In faintly alkaline solution, 4 moles of permanganate anion quantitatively oxidize thiosulphate anions to produce X moles of sulphate anion. The value of X

To solve the problem, we need to understand the reaction between permanganate ions (MnO4^-) and thiosulfate ions (S2O3^2-) in a faintly alkaline solution.
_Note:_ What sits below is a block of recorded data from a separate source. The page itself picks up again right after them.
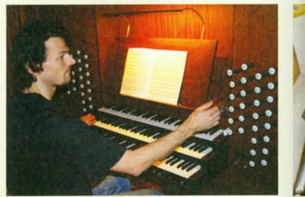
▲ 德國技師解說管風琴音栓用法。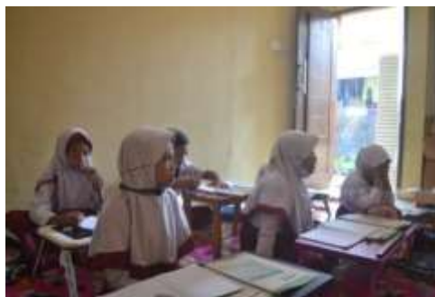
Gambar 4.2 Kegiatan Pembelajaran Luring.

dan lainnya berdekatan dan mampu memenuhi proses dengan benar.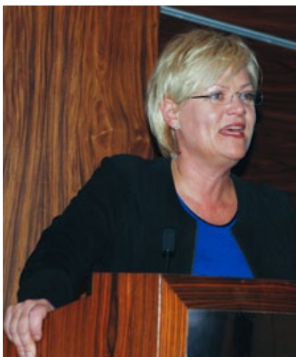
statsråd kommer: Kunnskapsminister Kristin Halvorsen gjør som i fjor; holder innlegg på Norsk kulturskoleråds landsmøte.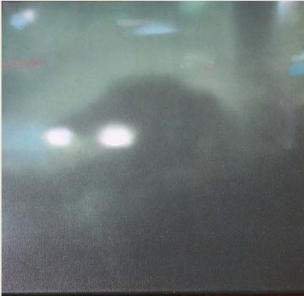
Pendler (August) Mischtechnik auf Leinwand 70 x 50 cm, 2.400,00 €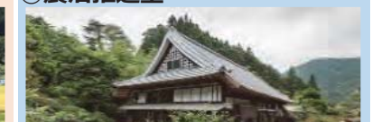
古民家等を活用した滞在型施設の整備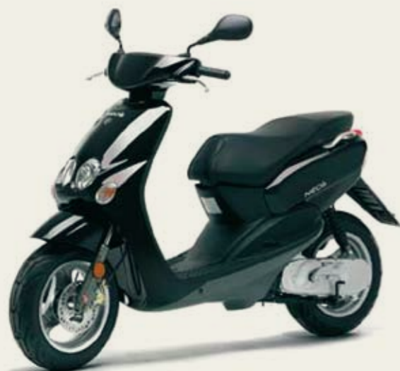
YAMAHA NEOS SCOOTER ER ÅRETS GEVINST!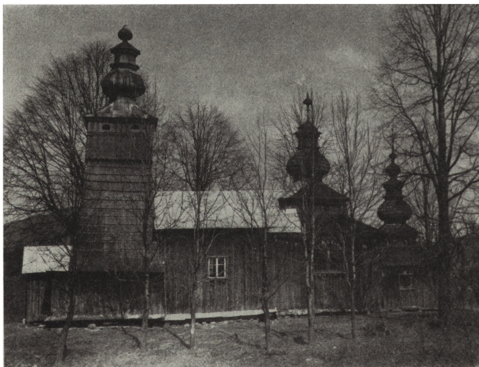
2. Świątkowa Mała, woj. krośnieńskie, widok elewacji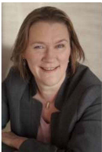
Van de redactie

Vrijdag 18 mei jl. hebben we weer vergaderd. Elke keer voordat een nummer verschijnt, proberen we bij elkaar te komen. Ditmaal was het eigenlijk een moeilijke vergadering, want we hadden het over de toekomst van Haghespel. En ik spring meteen naar de uitslag, want ik ga u vertellen dat we hebben besloten te stoppen met dit mooie blad. De nummers voor de zomer maken we nog af, maar daarna is het voor ons als redactie definitief over.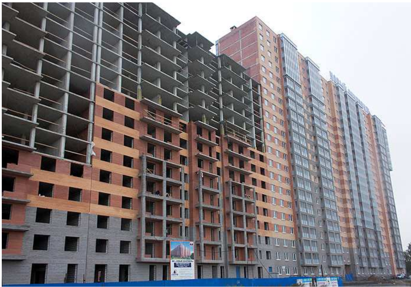
Вид на секции 16-12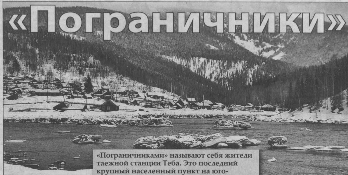
«Пограничниками» называют себя жители таежной станции Теба. Это последний крупный населенный пункт на юго-востоке Кемеровской области. Дальше, за Лужбой и рекой Казыр, начинается Хакасия. И все поезды и электрички, которые здесь проходят, относятся уже не к Западно-Сибирской, а к Красноярской железной дороге. Другого пути, кроме как по железной дороге, в Тебу нет.

В школе сегодня 101 ребенок. Все классы есть, правда, наполняемость их разная. Так, в 11-м классе 11 человек, в десятом – семь, в пятом – четыре. В первый класс нынче пойдут 12 детей.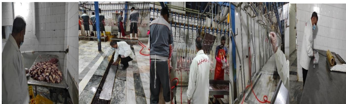
شکل ۱: محل‌های نمونه برداری از سطوح مختلف در کشتارگاه طیور استان لرستان

آزادزی، هفته‌ای یک بار تا سه مرحله، آمیب‌ها به محیط‌های کشت جدید پاساژ داده شدند. برای این منظور ابتدا در زیر میکروسکوپ نوری، ناحیه رشد آمیب روی پلیت با مژیک مشخص و سپس ناحیه مذکور را در کنار شعله و در زیر هود و در شرایط کاملاً استریل با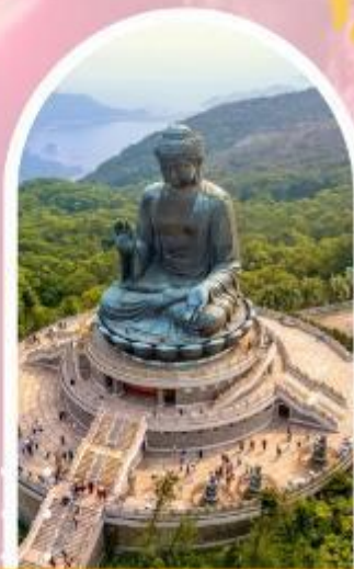
นั่งกระเช้ามองปิง นมัสการพระใหญ่โปวหลิน

The goal is to determine how many moles of sulfate ions (SO4^2-) are produced when 4 moles of permanganate ions oxidize thiosulfate ions. ### Step-by-Step Solution: 1. **Identify the Oxidation States**: - In permanganate (MnO4^-), manganese has an oxidation state of +7. - In sulfate (SO4^2-), sulfur has an oxidation state of +6. - In thiosulfate (S2O3^2-), we need to calculate the oxidation states of sulfur. 2. **Calculate the Oxidation State of Sulfur in Thiosulfate**: - The formula for thiosulfate is S2O3^2-. Let the oxidation state of sulfur be x. - The equation for the oxidation state is: \[ 2x + 3(-2) = -2 \] \[ 2x - 6 = -2 \implies 2x = 4 \implies x = +2 \] - Thus, the oxidation state of sulfur in thiosulfate is +2. 3. **Determine the Change in Oxidation State**: - The sulfur in thiosulfate (S2O3^2-) is oxidized from +2 to +6 (in sulfate). - The change in oxidation state for one sulfur atom is: \[ +6 - (+2) = +4 \] - Since there are two sulfur atoms in thiosulfate, the total change for thiosulfate is: \[ 2 \times 4 = 8 \] 4. **Determine the Change in Manganese Oxidation State**: - The manganese in permanganate (MnO4^-) is reduced from +7 to +4. - The change in oxidation state for manganese is: \[ +4 - (+7) = -3 \] 5. **Balance the Reaction**: - For every 8 moles of electrons lost by thiosulfate, 3 moles of electrons are gained by permanganate. - Therefore, the stoichiometry of the reaction can be established: \[ 8 \text{ moles of S2O3^2-} \text{ react with } 2 \text{ moles of MnO4^-} \] - This means that 4 moles of MnO4^- will react with: \[ \frac{8}{2} \times 4 = 16 \text{ moles of thiosulfate} \] 6. **Determine the Moles of Sulfate Produced**: - Each mole of thiosulfate produces 1 mole of sulfate when oxidized. - From the stoichiometry, if 4 moles of MnO4^- oxidize thiosulfate, we find how many moles of sulfate are produced: \[ 4 \text{ moles of MnO4^-} \text{ produce } 3 \text{ moles of SO4^2-} \] 7. **Final Calculation**: - Therefore, the value of X, which represents the moles of sulfate produced, is: \[ X = 3 \] ### Conclusion: The value of X is **3 moles of sulfate anion** produced.